▶ [ASSIGNMENT]: Starting at the line holding "Vzdálenosti: Moře 500" and finishing at the line holding "Tất cả khách", transcribe the material exactly, keeping both ends but no pictures.

%%

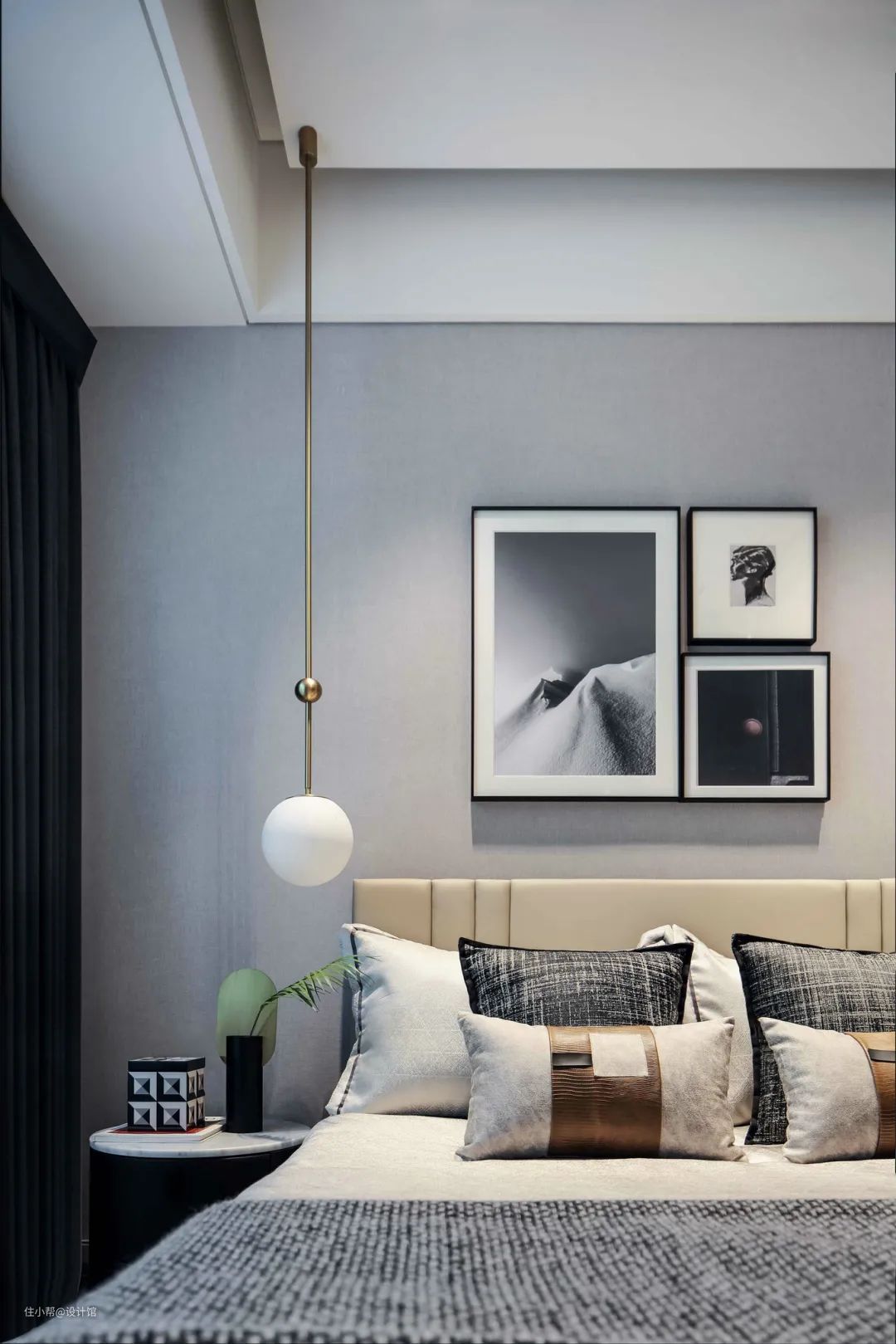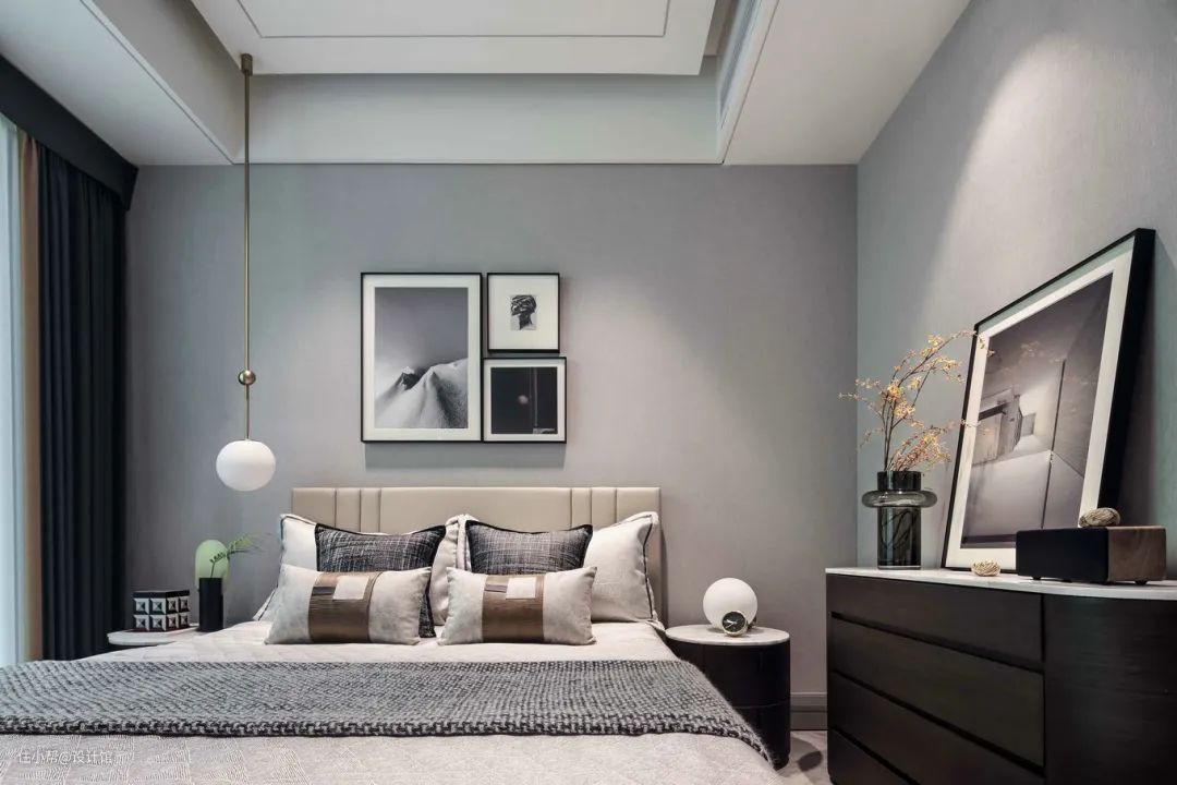 ▲次卧整个空间的墙面是灰色为主,而斗柜与床头柜则是黑色的,加上灰色皮艺床,床头墙挂上黑白灰的组合装饰画,两侧球形的吊灯与台灯布置,带来一种现代简约而端庄的卧室空间氛围。
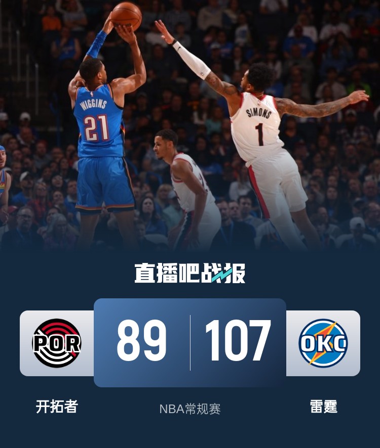 开场后雷霆外线手感不错频频命中三分,在第一节中段他们打出攻势取得领先,随后开拓者也用三分回击缩小分差。第二节上来西蒙斯率先发力带领开拓者反超比分,雷霆通过加强防守多次造成开拓者失误打出反击,并且外线续上火力重新夺回领先,第二节尾声开拓者陷入得分荒,半场过后雷霆领先到18分。易边再战,雷霆上来延续攻势将分差拉大到20分开外,亨德森突然爆发带领开拓者一路追到只差5分。第四节雷霆及时稳住局面,两队围绕10分拉锯,开拓始终无法追上比分,最终雷霆107-89击败开拓者取得6连胜,开拓者遭遇2连败。
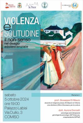 Sospesi in una dimensione di silenzio, ognuno perso nei propri pensieri. Anche se fisicamente vicini, le loro posture e i loro sguardi non comunicano una connessione reciproca: ognuno è isolato nel proprio mondo interiore. Ma sono davvero in ascolto di tale interiorità? Questi gli adolescenti ritratti nel celebre quadro di Munch “Il grido interiore”, icona della tavola rotonda organizzata dall’Ufficio per la cultura della diocesi di Ragusa, l’Associazione “La Voce” e l’Associazione di promozione sociale “Calicantus” di Comiso, in collaborazione con l’IIS “G. Carducci” di Comiso. Il tema “Violenza e solitudine: il non-senso nel disagio adolescenziale” sarà sviluppato da Giuseppe Di Mauro, docente di religione presso il Liceo Scientifico dell’IIS Mazzini di Vittoria e vicedirettore dell’Ufficio per la cultura, da Aurora Donzelli, psicologo-psicoterapeuta già dirigente psicologo ASP Siracusa e vicepresidente SIPPed, in dialogo con gli studenti del Liceo classico e scientifico dell’IIS“G. Carducci” di Comiso e il pubblico.
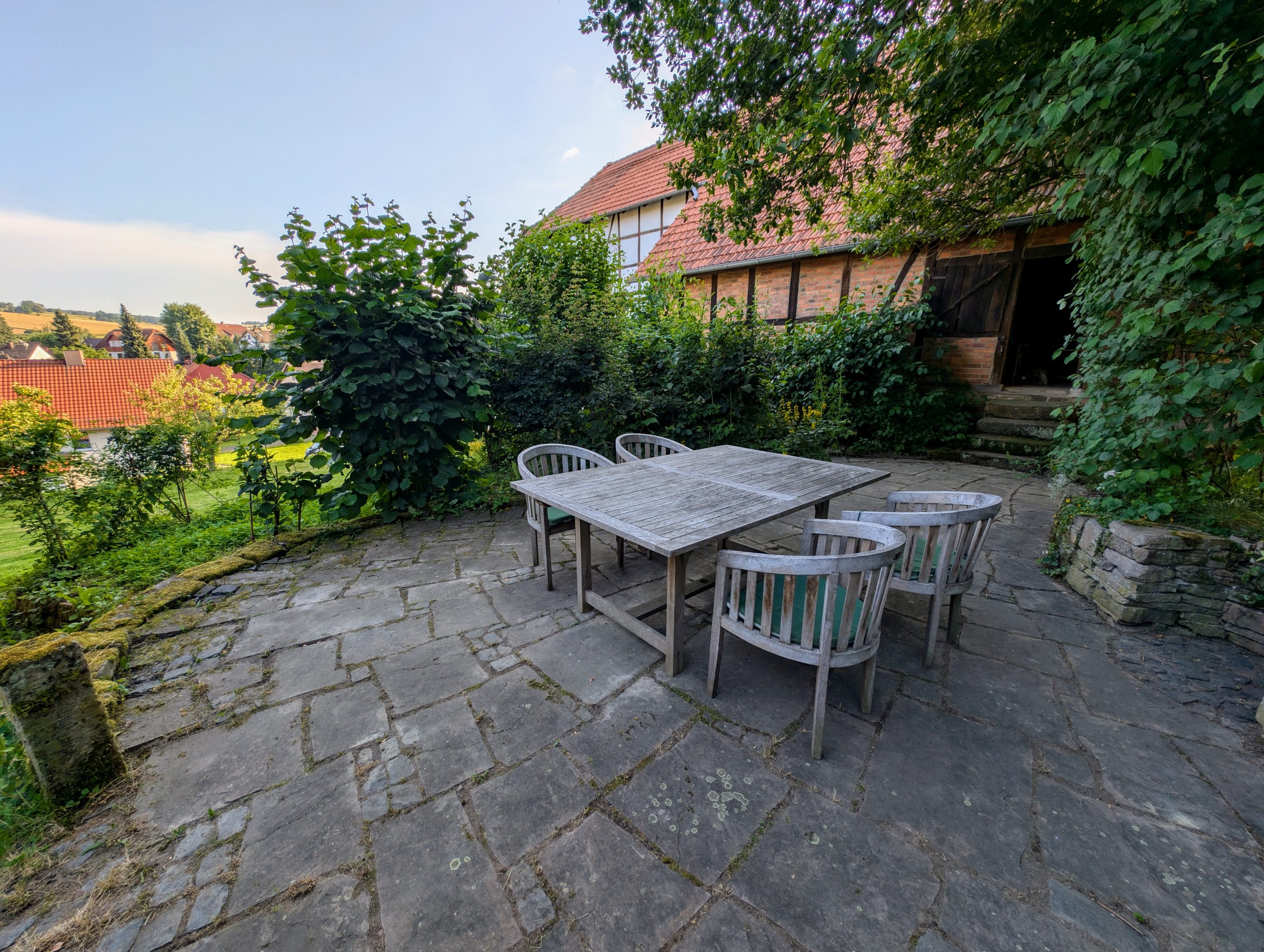 Der überdachte Innenhof mit Tischtennisplatte eignet sich perfekt für gemeinsame Aktivitäten. Der große, naturbelassene Garten grenzt direkt an eine Streuobstwiese, wo Sie im Herbst frische Früchte ernten können.
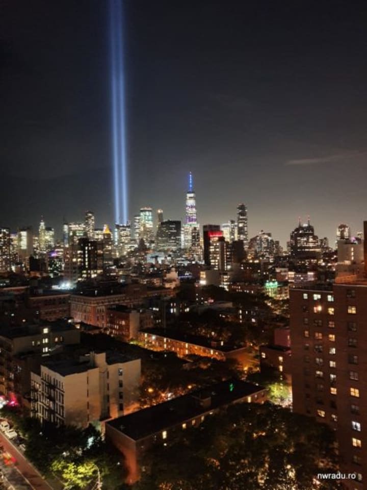 The first is a very large one for an underground, where you feel like in a salt mine. There are large descending ramps, and from time to time you see various objects left over from then. Of interest is "the sluice wall", ie an underground dike built with the twin towers. The buildings were close to the water of the Hudson River, and this wall that descended deep into the ground served as a dam to stop water from seeping into their basement. It's all that's left of the two towers.There are others to see in that area. You can see metal beams in the structure of the building, contorted after fire and collapse. There are pieces of them embedded in the old foundation of the buildings, now of the museum, broken to collapse. A cross made for FDNY (fire department, their firefighters) since those days by passers-by and volunteers. An elevator motor and even a concrete staircase inside the building, which survived the collapse (staircase B in the north tower, where 14 survivors protected by the resistance structure were found).The second, in the evening, when in the World Trade Center area, the two powerful installations that illuminate the sky annually on September 11 were lit again. They are called Tribute in Light and are two batteries of 44 xenon reflectors, each of 7,000 watts, which light up in the evening and last until late at night.
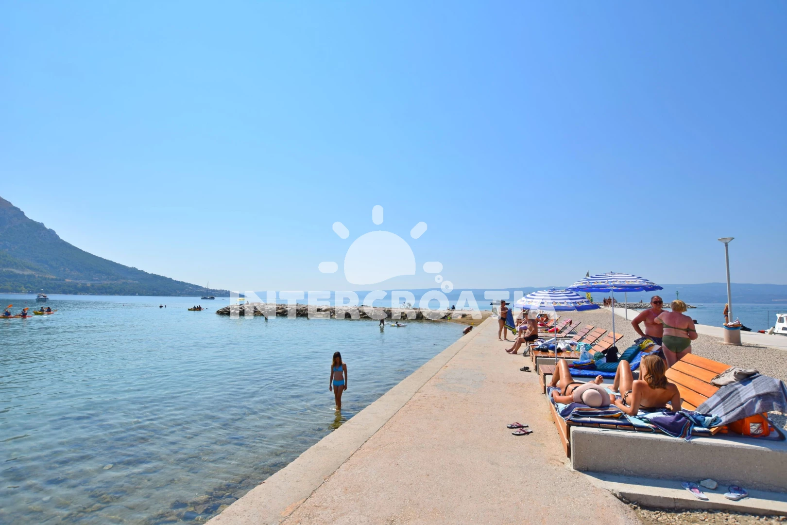 Vzdálenosti: Moře 500 m, pláž 700 m (písek), veřejná doprava 10 m, supermarket 30 m, bar 50 m, směnárna 80 m, banka 80 m, restaurace 200 m, čerpací stanice 270 m, půjčovna motorových člunů 400 m, lékárna 400 m, půjčovna kol 500 m, tenisové kurty 550 m, muzeum 600 m, pošta 600 m, centrum 650 m, potápění 700 m, ambulance 1,3 km, mini golf 7,5 km, diskotéka 25 km, trajekt (Split) 25 km, letiště (Split) 45 km,
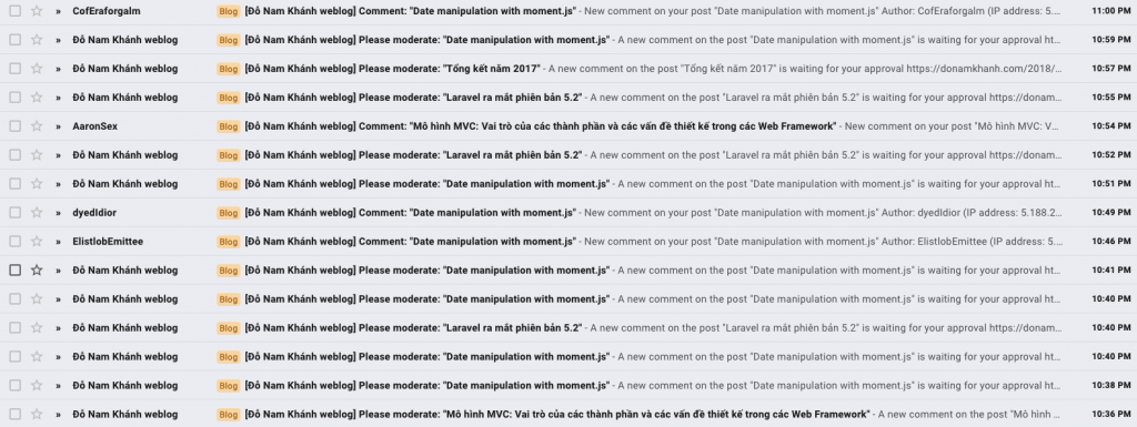 Cũng không biết tại sao website cài reCaptcha rồi mà vẫn bị spam đều đều. Mà khó chịu nhất là từ lúc mình enable lại chức năng thông báo có bình luận mới qua email thì inbox của mình suốt ngày cứ "tinh tinh" (âm báo có mail mới từ điện thoại).
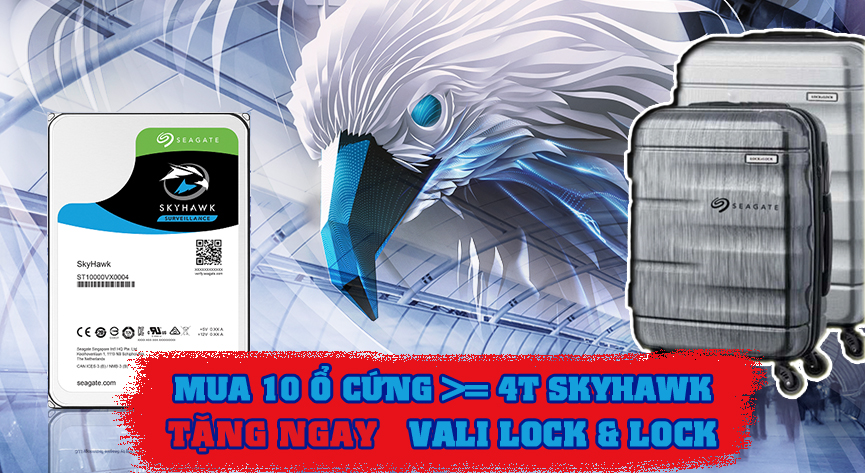Tất cả khách hàng mua hàng của Công ty sẽ được khuyến mại 01 Vali Lock&Lock cao cấp khi mua 10 sản phẩm ổ cứng Seagate Skyhawk có dung lượng từ 4-Tb trở lên.
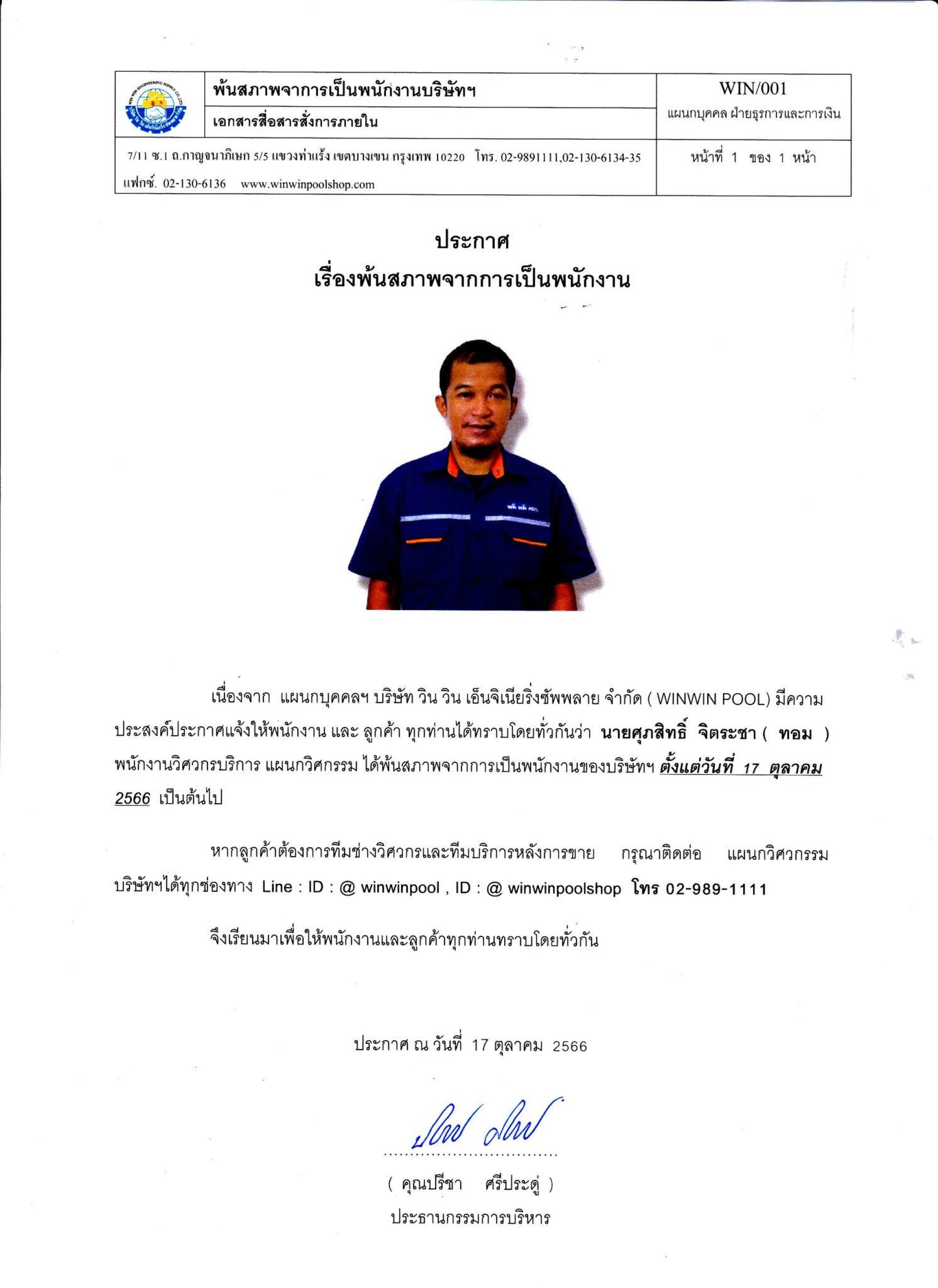 เรื่อง พ้นสภาพการเป็นพนักงาน นายศุภสิทธิ์ จิตระชา (ทอม) พนักงานตำแหน่ง วิศวกรบริการ แผนกวิศวกรรม

%%

▶ [WRITTEN ANSWER]:
 Vzdálenosti: Moře 500 m, pláž 700 m (písek), veřejná doprava 10 m, supermarket 30 m, bar 50 m, směnárna 80 m, banka 80 m, restaurace 200 m, čerpací stanice 270 m, půjčovna motorových člunů 400 m, lékárna 400 m, půjčovna kol 500 m, tenisové kurty 550 m, muzeum 600 m, pošta 600 m, centrum 650 m, potápění 700 m, ambulance 1,3 km, mini golf 7,5 km, diskotéka 25 km, trajekt (Split) 25 km, letiště (Split) 45 km,
 Cũng không biết tại sao website cài reCaptcha rồi mà vẫn bị spam đều đều. Mà khó chịu nhất là từ lúc mình enable lại chức năng thông báo có bình luận mới qua email thì inbox của mình suốt ngày cứ "tinh tinh" (âm báo có mail mới từ điện thoại).
Tất cả khách hàng mua hàng của Công ty sẽ được khuyến mại 01 Vali Lock&Lock cao cấp khi mua 10 sản phẩm ổ cứng Seagate Skyhawk có dung lượng từ 4-Tb trở lên.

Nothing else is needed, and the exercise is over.